Monday, 31 October 2016

Book review: All You Need Is Love

The LP sized book comes in an outer slipcase.
"All You Need Is Love" by Paul Skellett & Simon Weitzman is one of the new books released by UK based Archivum Publishing. Money to publish the book comes from crowd funding through Pledge Music and The Fest for Beatles Fans. The book is 180 pages and looks like a happening, thanks to a modern, collage-like layout. It features essays on the June 25, 1967 Our World satellite telecast, quotes from The Beatles themselves and a few insiders like engineer Geoff Emerick and producer George Martin, courtesy of old interviews and books, the creation and recording of "All You Need Is Love" and a little bit about the B-side of the single, "Baby, You're A Rich Man".

John and Paul with manager Brian Epstein.

Sprinkled throughout the book are a lot of photos from the recording session, the live event and the previous day's balloon promotions inside EMI studios (and at the back outside the no. 1 studio). Also featured are lots of "All You Need Is Love" front covers from singles released around the world, blown up to 12" size.

International front covers of the "All You Need Is Love" single.
Although fairly good at describing the circumstances under which the Our World TV special came about, as well as the technical intricacies of the recording of the main song itself (which initially had George Harrison playing the violin and Paul McCartney on double bass!), the text still falls a little short and is still not the final word on the live event.
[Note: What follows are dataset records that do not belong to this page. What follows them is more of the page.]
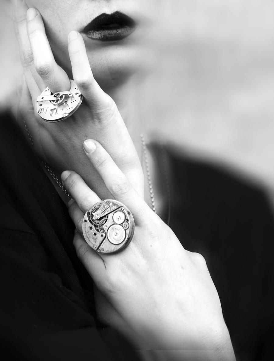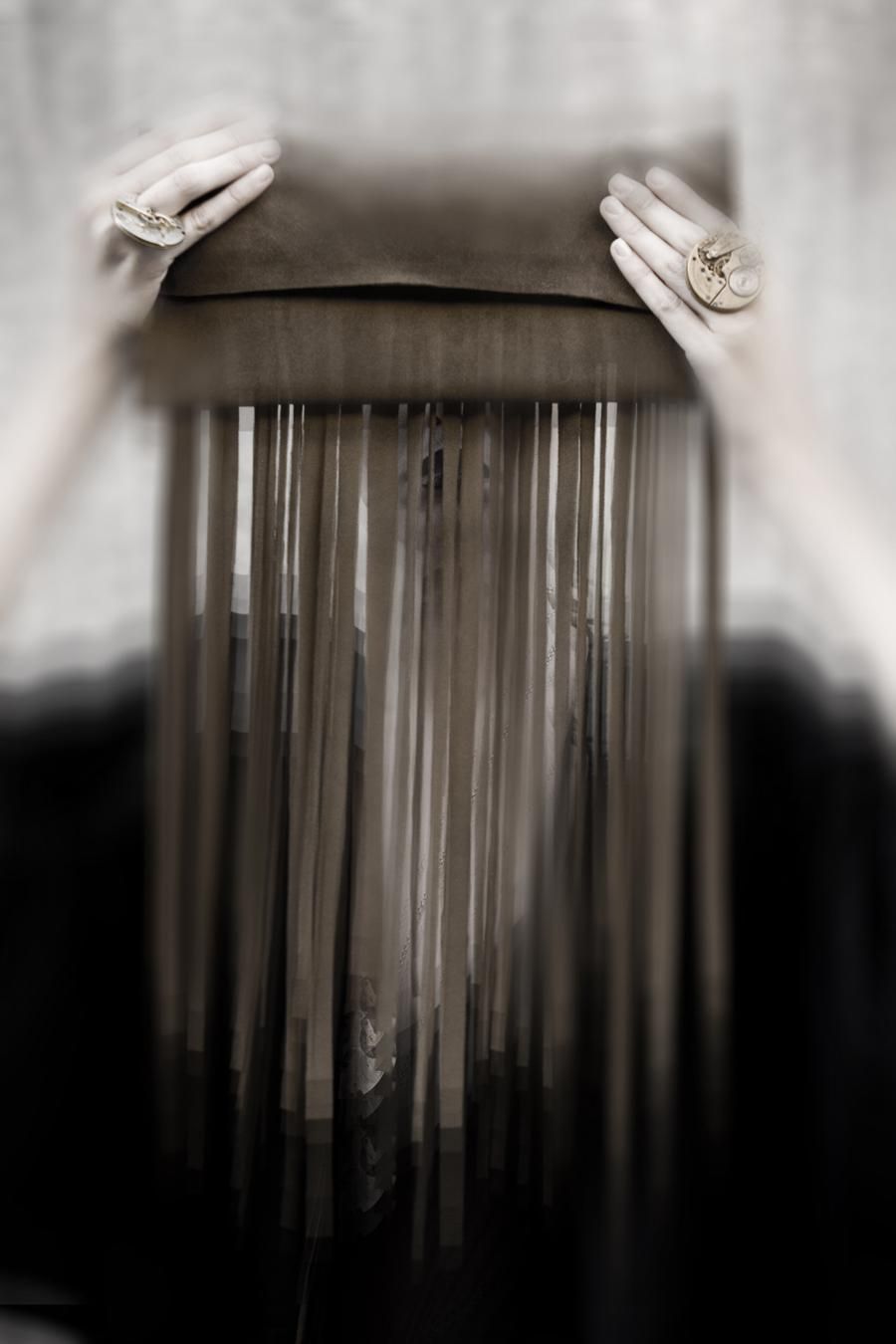 Lather that are disintegrated in fringe and mechanisms of destruturate old clocks. The collection, totally handmade from the designer, tells a story of the time and its inexorable one to disintegrate itself.
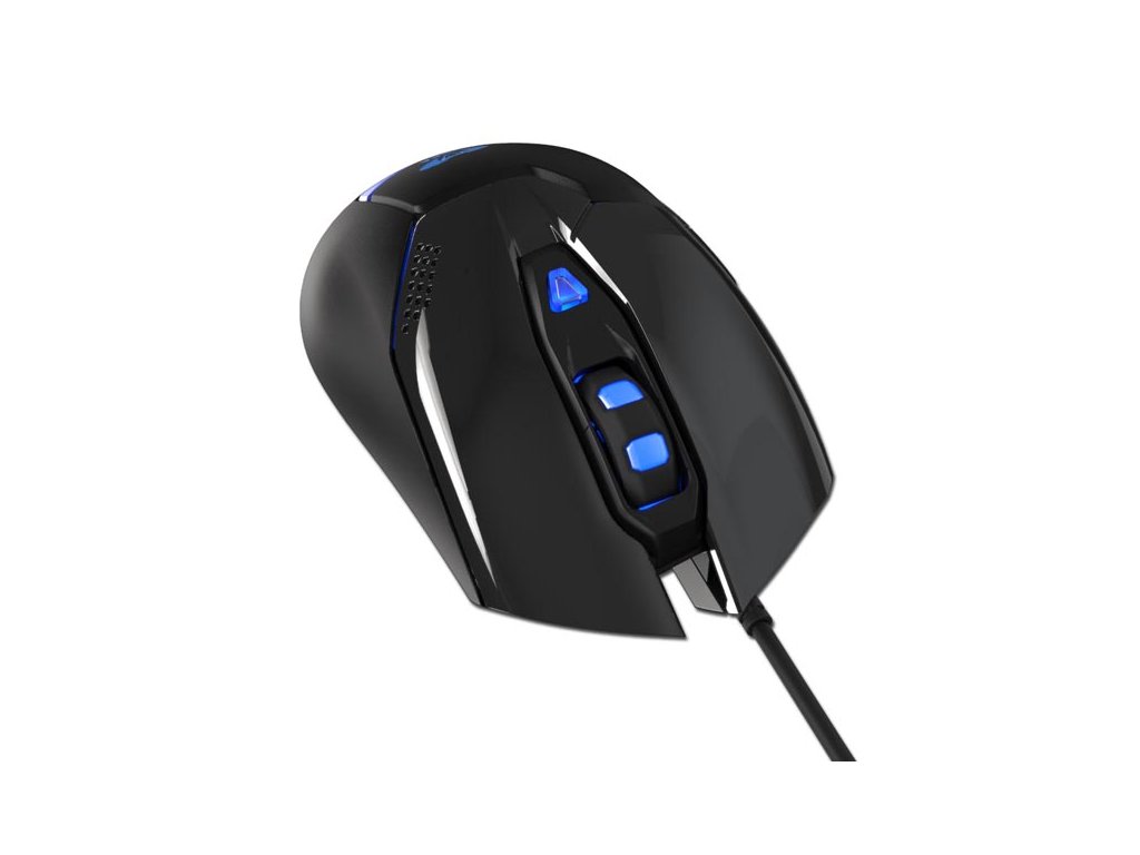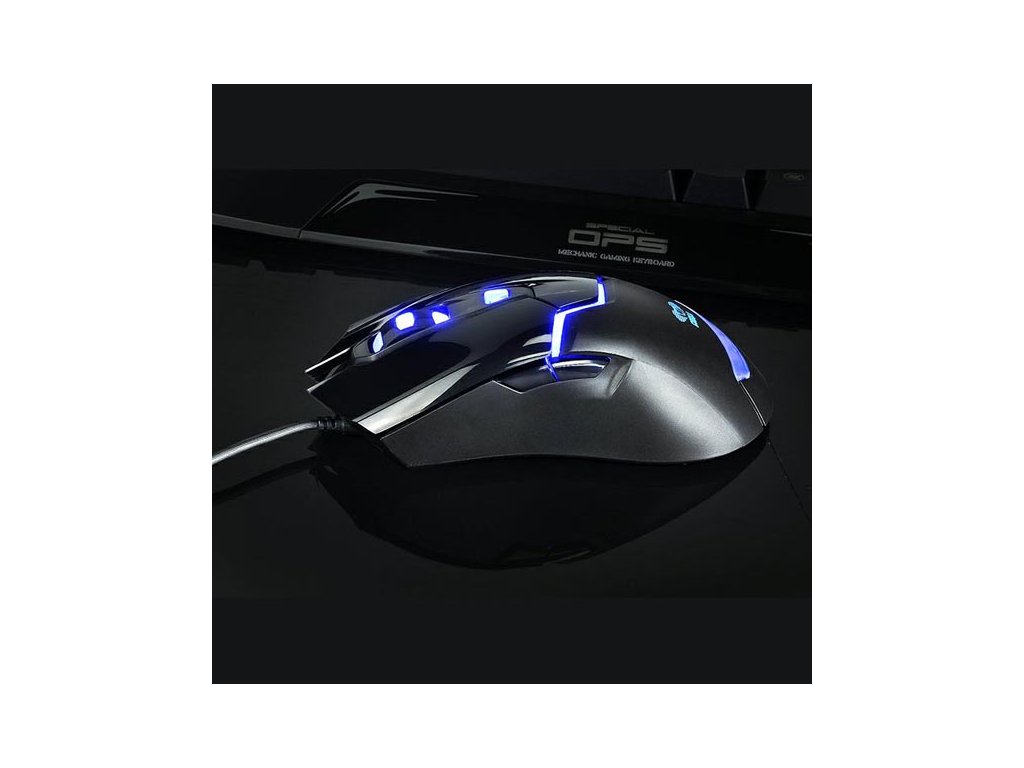 Na několika místech myš vyzařuje tajemné modré LED světlo, aby zvýšila svou atraktivitu pro temné prostředí vaších kanceláří. Podsvíceno je logo E-Blue v dolní části těla myši, efektní detaily ve středu myši, DPI přepínač a pogumované scrollovací kolečko.
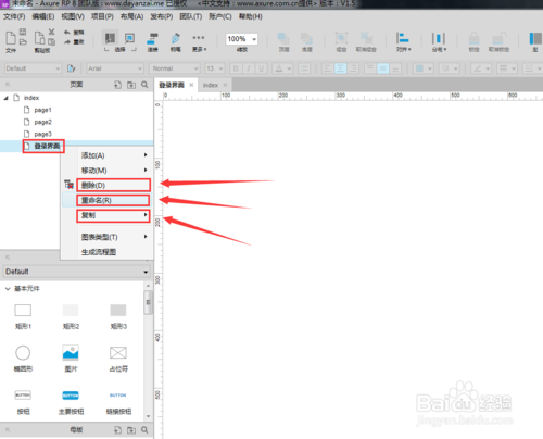 對著頁面進(jìn)行點(diǎn)擊鼠標(biāo)右鍵,然后就會(huì)彈出選項(xiàng)菜單,就可以對頁面進(jìn)行重命名、刪除、復(fù)制的操作了:

For instance, we do get a photo of Paul painting the "Come back Millie" sign, as well as glimpses of the sign in photos from the broadcast, but the text fails to explain the background story.

Paul, painting a sign which was an inside joke in the McCartney family.
Still, the book is a nice trip back to the days when The Beatles ruled the world. And yet, they didn't. The book also examines how "the straights" reacted to the fact that Great Britain and the BBC's contribution to the first global TV broadcast was this pop group. It's revealed that the countries in the "Eastern bloc" at the time, with the Soviet Union at the helm, all decided to withdraw their participation in the broadcast after all, after finding out that The Beatles were participants. They were probably afraid that The Beatles' music could corrupt their youth. Which they probably did anyway. Of course, in hindsight, The Beatles contribution is the only significant thing that makes us all still remember the "Our World" TV-show.
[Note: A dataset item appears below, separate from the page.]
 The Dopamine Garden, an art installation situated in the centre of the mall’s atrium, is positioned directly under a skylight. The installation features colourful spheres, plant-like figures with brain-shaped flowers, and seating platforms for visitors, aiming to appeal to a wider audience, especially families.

Colour photos from the broadcast and rehearsal was used as a guide to colourise the clip in the 90's.
The Our World TV special was shot and televised in black and white, and the Beatles' performance of "All You Need Is Love" was colourised in the nineties for the Beatles' documentary TV series "The Beatles' Anthology". In 2015, the full colourised clip was used as a promotional music video in the DVD and Blu-ray release of The Beatles 1.

Links:
Archivum Publishing
PledgeMusic
Paul Skellett

In 1997, Tracks released their book on the subject, 'All You Need is Love': "Beatles" Dress Rehearsal, which featured lots of colour and black and white photos and an essay from Steve Turner. It's still available here and there.

3 comments:

Unknown said...

Hi This books looks great and i might be interested if not for the fact that i'm still waiting for another Paul Skellet book "Eight Arms To Hold You". I pre ordered it on Amazon in July 2015 and have seen only updates on when it will be released. Initially it was slated for Nov. 2015 now it looks like March 2017. I've written to both authors (i forgot the other authors'name) with no reply. I was just wondering what is holding this book up. I'd love the "All You Need Is Love" book as well. Does anyone have any info on the "Eight Arms ...." book?
Than
k you
Tony

Maxwell Edison said...

A friend of mine has this book and although it has some great and unseen photos they are ruined somewhat in that the book's layout is similar to the Anthology book where many of the photos are overlaid with unnecessary captions and artwork. I would have liked the photos to be presented on their own. A minor niggle to some but it is frustrating.

Geert De Wilde said...

It certainly isn't worth its money. In fact, it's the sort f thing one would expect to pick up for about £12.00 in The Works. Certainly not the high quality luxury item it claims to be. Flimsy case and average paper/printing quality. Most of the time, the text reads as if it's simply filling space ... So, I wouldn't recommend it.